Kenya: Five Elephants Poached in Tsavo

Author(s)

By Raphael Mwadime, The Star

Date Published
FIVE elephants have been killed at Tsavo National Park and Taita ranch.
 
Four elephants were killed at Tsavo East National park on Tuesday, the same day President Uhuru Kenyatta burned 15 tonnes of ivory to mark the World Wildlife Day.
 
“KWS rangers found two of the elephants’ tusks were removed, while the other two were found with their tusks still intact,” a source in the Kenya Wildlife Service told the Star yesterday.
 
Another elephant died at Taita ranch on Wednesday after being shot with a poisoned arrow on its hind leg.
 
Taita Ranch director Renson Dio told the Star on the phone their herders found the elephant with a swollen rear leg, struggling to walk.
 
They called KWS officers, who removed the tusks from the dead elephant.
 
“It seems the elephant was shot elsewhere and came here to drink water at the dam before it died,” Dio said.
 
He said security has improved at the ranches following the deployment of KWS rangers, Administration Police and GSU officers.
 
Anti poaching crusader Jim Nyamu expressed concern at the poaching as he tours the Tsavo ecosystem to educate the community on the dangers of poaching.
 
“The poaching crisis continues to escalate and it really gets to me every time an elephant is killed,” Nyamu posted on his Facebook wall on Thursday.
 
“I will not be deterred.

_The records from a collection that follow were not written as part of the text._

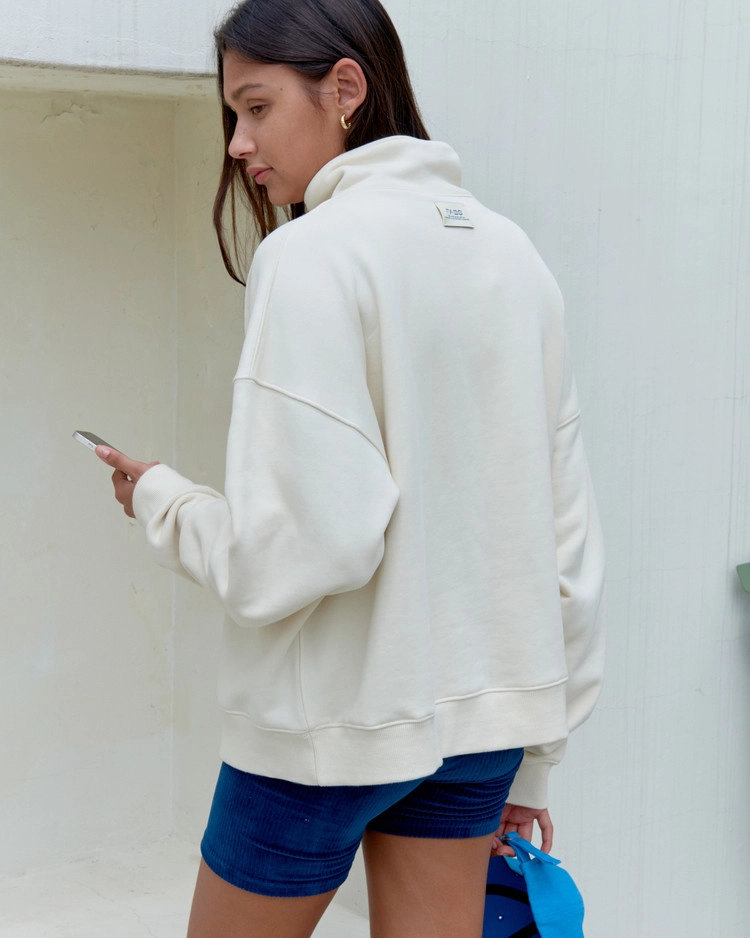파브스의 하프 집업 맨투맨은 활동성을 강조한 루즈한 핏으로, 집에서 뿐만 아니라 원마일 룩, 스포티한 룩 등 다양한 조합이 가능한 제품입니다.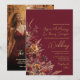 Burgundy Boho Wildflowers & Photo QR Code Wedding Invitation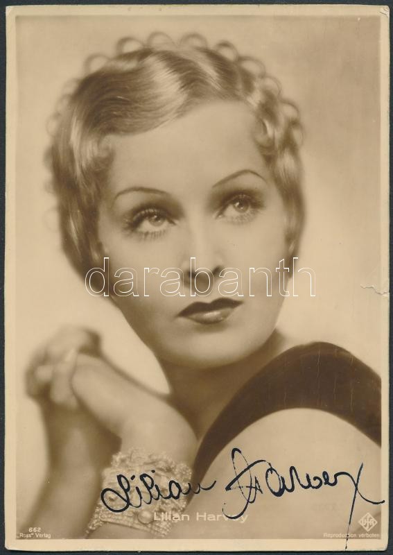 cca 1940 Lilian Harvey (1906-1968) brit-német színésznő saját kezű alá... https://www.darabanth.com/hu/294-Gyorsarveres/294.0/Festmeny-mutargy-papirregiseg-egyeb/Alairas~200018/cca-1940-Lilian-Harvey-1906-1968-brit-nemet-szineszno-sajat-kezu-alairasa-az-ot-abrazo~II1560407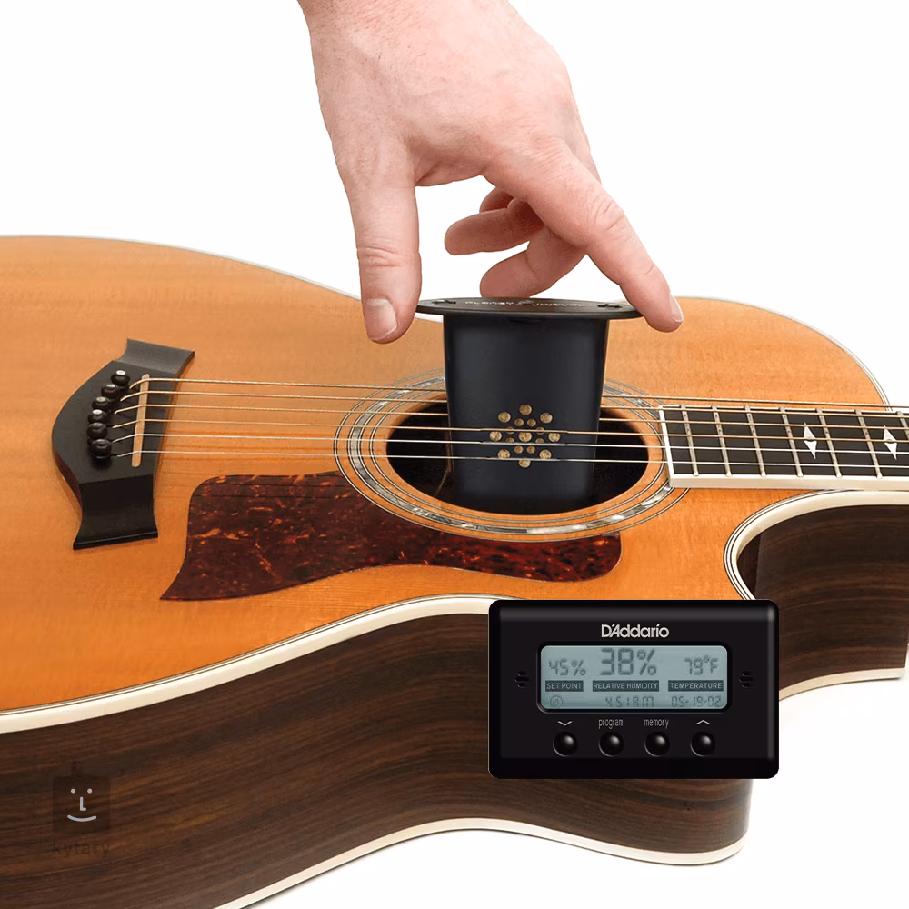 Dieses Set enthält den D'Addario Acoustic Guitar Soundhole Humidifier und den D'Addario Humidity & Temperature Sensor, ein elektronisches Hygrometer/Thermometer. Dies ermöglicht es Ihnen, einfach und klar zu halten Ihr Instrument in idealen Bedingungen, so dass es in perfektem Zustand zu bleiben.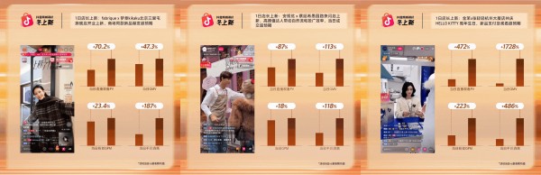 其次,在上新大场和日播中,商家都需要做好准备,把握机遇。 女装品牌indicia参与“女装开播激励赛”,将投广天数拉满「冬上新」全周期,日均直播GMV增长了87%。女装品牌三彩则结合新品上新大场,追加投入,实现上新即爆,日均直播GMV提升69%。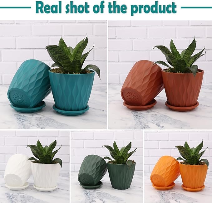 [ ELEGANT PLASTIC PLANTERS ] : This indoor plants for living room Crafted with meticulous attention to detail, these plant pots planters are made from high-quality plastic, known for its durability and aesthetic appeal. The smooth finish not only enhances their visual appeal but also provides a protective layer that prevents moisture damage, ensuring they remain pristine over time.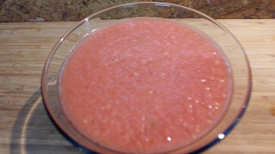 Hola holaaa!!! Como aún hace calorcito, que os parece un gazpacho? Pero este no es cualquier gazpacho, está hecho con sandía. Muy rico y si has comprado una sandía que no está muy dulce ya sabes con que usarla. aunque yo he hecho la receta solo para dos, os pongo los ingredientes para 4 personas. Espero que os guste.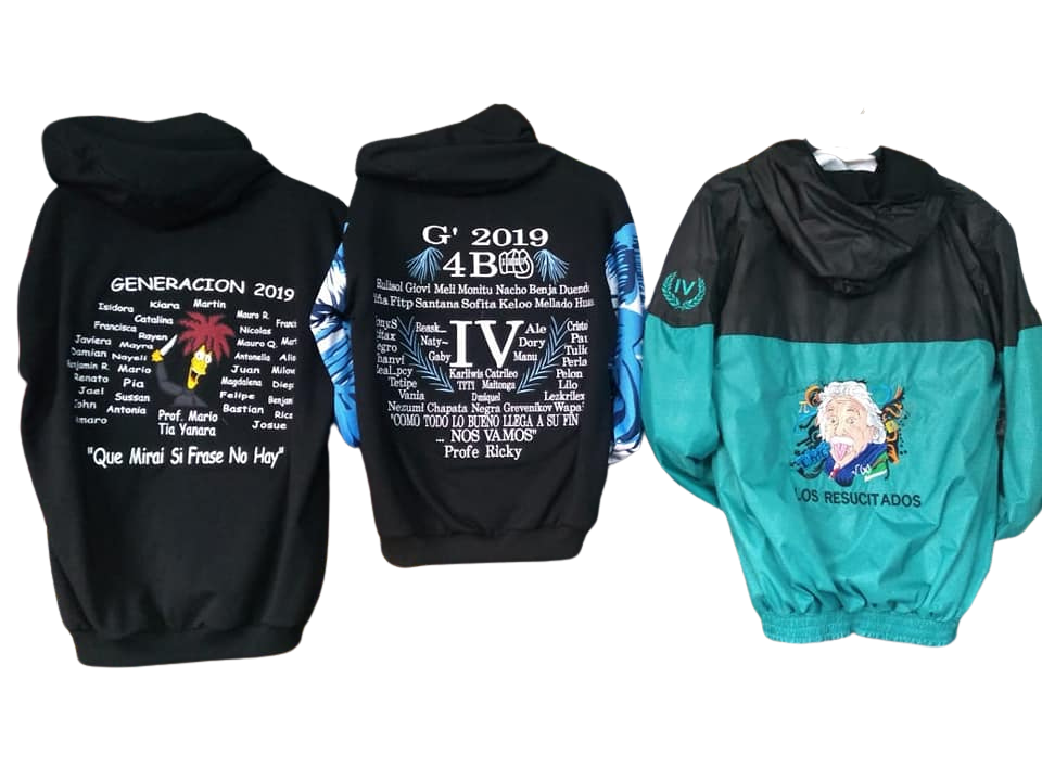 Personalizamos polerones de 4° medio y 8° Basico con diseños a elección, colores y detalles que representen a su generación. Solicita tu cotización y crea el polerón ideal para tu curso.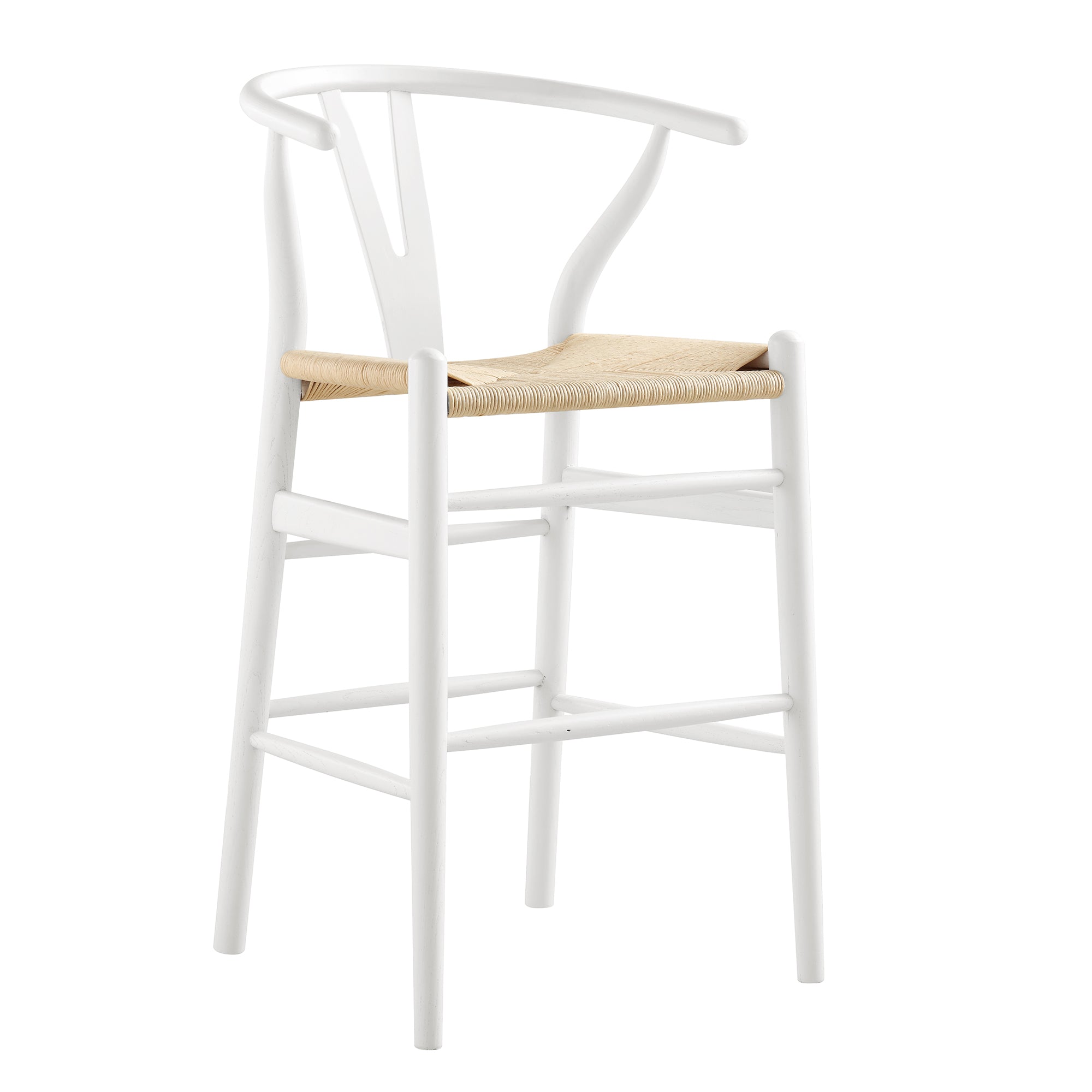 - Featuring the Y-shaped back and weaved seat pad, the chair is sturdily crafted from solid elm wood without compromising comfort.

I will walk until the world knows that ivory belongs to elephants.”
 
The years 2011, 2012 and 2013 witnessed the highest levels of poaching since the crisis of the 1980s.
 
KWS director general William Kiprono last month said Kenya lost 47 elephants and five rhinos to poaching in 2007, 384 and 30 in 2012, and 302 and 59 in 2013.
 
Last year, 164 elephants and 35 rhinos were poached, representing a significant decrease from previous years.
 
According to the UN Environment Program, Africa was home to an estimated 500,000 elephants but has been losing 30,000 annually to poaching.